Organochlorines were vastly used in the past, but are now prohibited for livestock in most countries. Neonicotinoids are not effective against ticks. Carbamates are often not effective enough against ticks.
These veteran acaricides are mostly available as concentrates for topical administration as dips and sprays, or as ready-to-use pour-ons. As a thumb rule, dips are more effective than sprays and pour-ons, simply because sprays and pour-ons do not ensure a complete coverage of the whole body (e.g. ears, udders, perineum, below the tail etc.).
Neither macrocyclic lactones (e.g. doramectin, eprinomectin, ivermectin, moxidectin), nor tick development inhibitors (fluazuron) ensure adequate control of Dermacentor ticks on livestock (or any other multi-host tick species) or horses.
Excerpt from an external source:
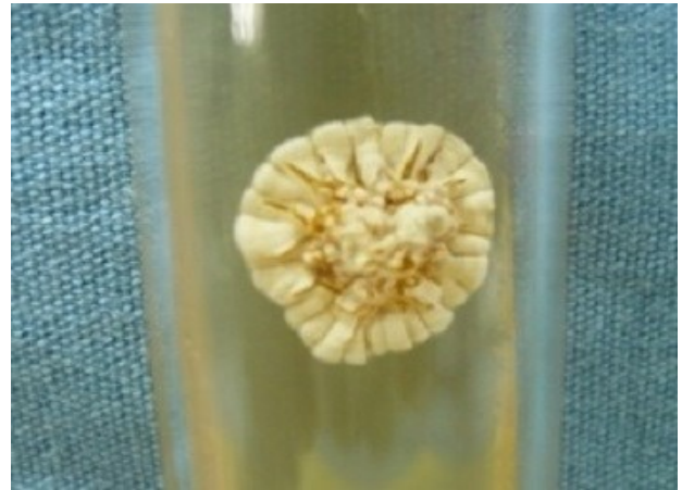
Figura 4. Colonia limitada de color blanco-amarillento, plegada, con aspecto de “palomita de maíz” en medio de cultivo agar Sabouraud sin antibiótico.

Con base a los datos clínicos, examen directo y cultivo, se diagnosticó actinomictoma por Nocardia brasiliensis , por lo que se inició tratamiento con Amoxicilina/clavulanato 500/125 mg cada 8 hr y diaminodifenilsulfona 100 mg cada 24 hr, hasta la negativización micológica y remisión completa de las lesiones a los 4 meses, quedando una placa atrófica residual en la cara posterior de la pierna (figura 5).

This means that there are no systemic tickicides suited for controlling Dermacentor ticks in livestock or horses, and consequently neither injectables, nor drenches nor feed additives.
|If available, follow more specific national or regional recommendations or regulations for tick control.|
Resistance of Dermacentor ticks to tickicides
There are no reports on serious resistance problems of Dermacentor ticks on livestock, horses or pets.
This means that if a tickicide fails to achieve the expected efficacy, chance is almost 100% that either the product was unsuited for Dermacentor control, or it was used incorrectly. Incorrect use is the most frequent cause of failure of antiparasitics.